Required action
Produce a word-for-word copy of the line that contains "Computer Desk with" and each line after it through the end of the material, omitting pictures and all other lines.

#### Given data

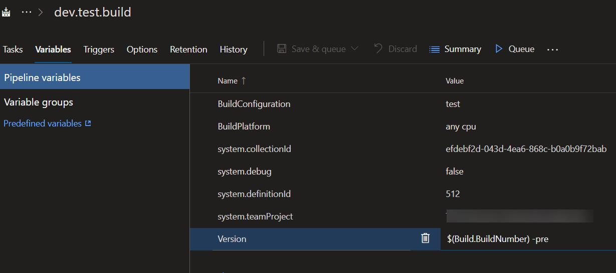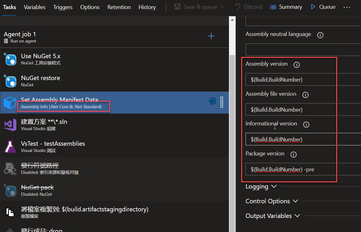 用 Version 變數處理,這裡不需要 Assembly Info Task 了,也不需要 .csproj 裡面的設定,新增一個 Version 的變數
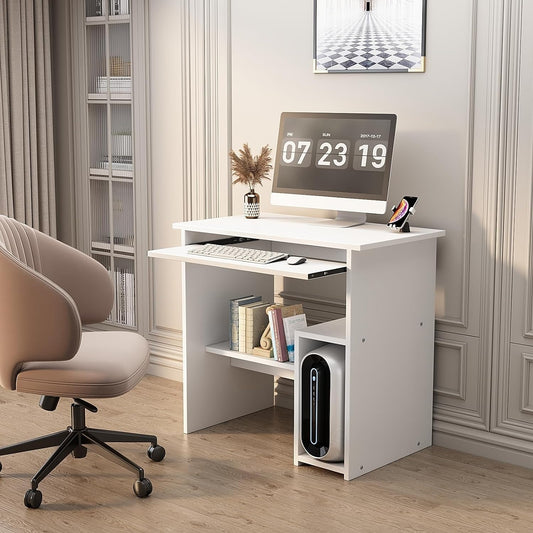 Computer Desk with Keyboard Tray and Storage Shelf Small Modern Working Table
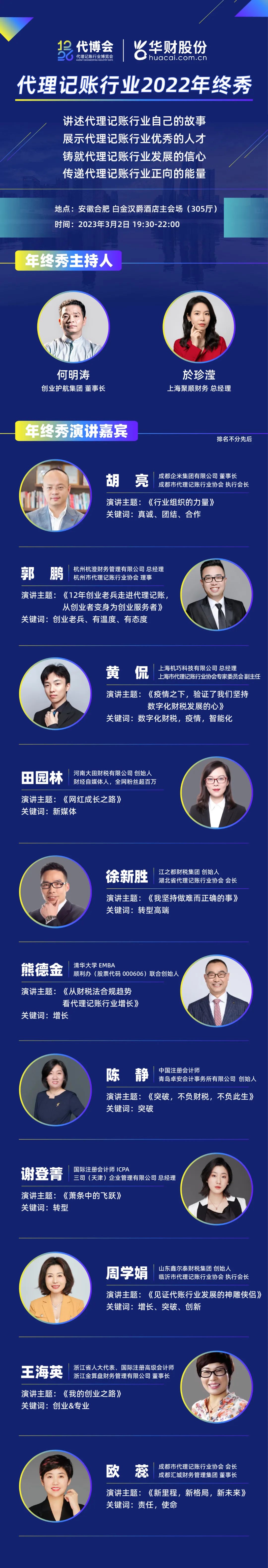 数字化转型时代到来,行业迎来转折点,野蛮生长的时代已过,但震荡、变革中,也孕育着新的希望。本次代博会组委会邀请12位行业优秀人才讲述自己的代账故事,展示代理记账行业优秀的人才;铸就代理记账行业发展的信心;传递代理记账行业正向的能量。
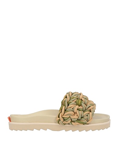 Hightech-Gewebe, ohne Applikationen, Multicolor-Print, Rückseite aus Leder, runde Spitze, ohne Absatz, flexible Gummisohle, Enthält nichttextile Teile tierischen Ursprungs., Sandalen mit einem riemen
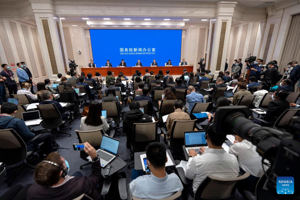 A press conference on a white paper titled "A Global Community of Shared Future: China's Proposals and Actions" is held by the State Council Information Office in Beijing, capital of China, Sept. 26, 2023. The white paper was released by the State Council Information Office on Tuesday. The white paper called for efforts to build an open, inclusive, clean and beautiful world that enjoys lasting peace, universal security, and common prosperity, turning people's longing for a better life into reality. (Xinhua/Cai Yang)

########

Answer area
 Computer Desk with Keyboard Tray and Storage Shelf Small Modern Working Table
 数字化转型时代到来,行业迎来转折点,野蛮生长的时代已过,但震荡、变革中,也孕育着新的希望。本次代博会组委会邀请12位行业优秀人才讲述自己的代账故事,展示代理记账行业优秀的人才;铸就代理记账行业发展的信心;传递代理记账行业正向的能量。
 Hightech-Gewebe, ohne Applikationen, Multicolor-Print, Rückseite aus Leder, runde Spitze, ohne Absatz, flexible Gummisohle, Enthält nichttextile Teile tierischen Ursprungs., Sandalen mit einem riemen
 A press conference on a white paper titled "A Global Community of Shared Future: China's Proposals and Actions" is held by the State Council Information Office in Beijing, capital of China, Sept. 26, 2023. The white paper was released by the State Council Information Office on Tuesday. The white paper called for efforts to build an open, inclusive, clean and beautiful world that enjoys lasting peace, universal security, and common prosperity, turning people's longing for a better life into reality. (Xinhua/Cai Yang)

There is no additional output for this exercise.